● Aim of the exercise: In how many lines of the data does the word "Gara" appear? Give the number by itself.

● Material for this exercise:
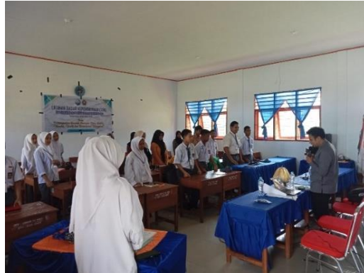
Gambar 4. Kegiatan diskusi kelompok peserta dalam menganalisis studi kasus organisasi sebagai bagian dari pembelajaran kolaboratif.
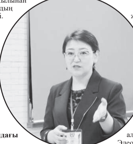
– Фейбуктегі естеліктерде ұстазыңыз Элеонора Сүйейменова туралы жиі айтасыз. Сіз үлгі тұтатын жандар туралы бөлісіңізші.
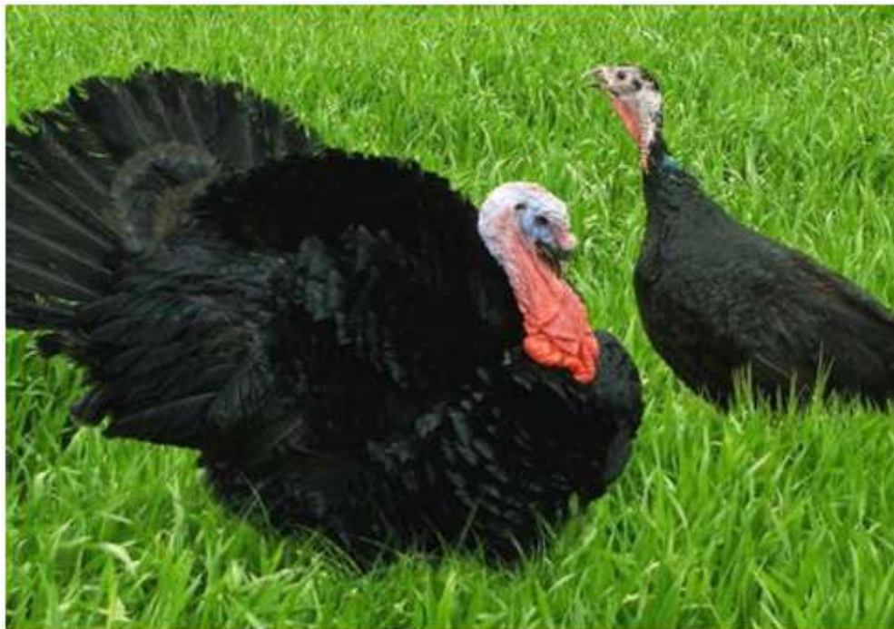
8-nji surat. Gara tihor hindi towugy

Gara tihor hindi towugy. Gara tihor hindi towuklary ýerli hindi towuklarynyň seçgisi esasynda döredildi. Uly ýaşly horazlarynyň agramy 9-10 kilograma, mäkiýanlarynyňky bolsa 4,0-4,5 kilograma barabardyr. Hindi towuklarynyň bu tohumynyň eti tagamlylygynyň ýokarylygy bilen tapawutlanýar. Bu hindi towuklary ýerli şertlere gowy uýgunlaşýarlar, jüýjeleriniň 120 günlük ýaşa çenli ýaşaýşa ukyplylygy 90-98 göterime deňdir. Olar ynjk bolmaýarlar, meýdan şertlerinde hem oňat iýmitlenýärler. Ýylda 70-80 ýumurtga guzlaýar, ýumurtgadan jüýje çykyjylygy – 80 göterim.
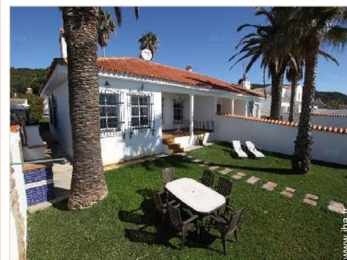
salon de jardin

● Output below: 2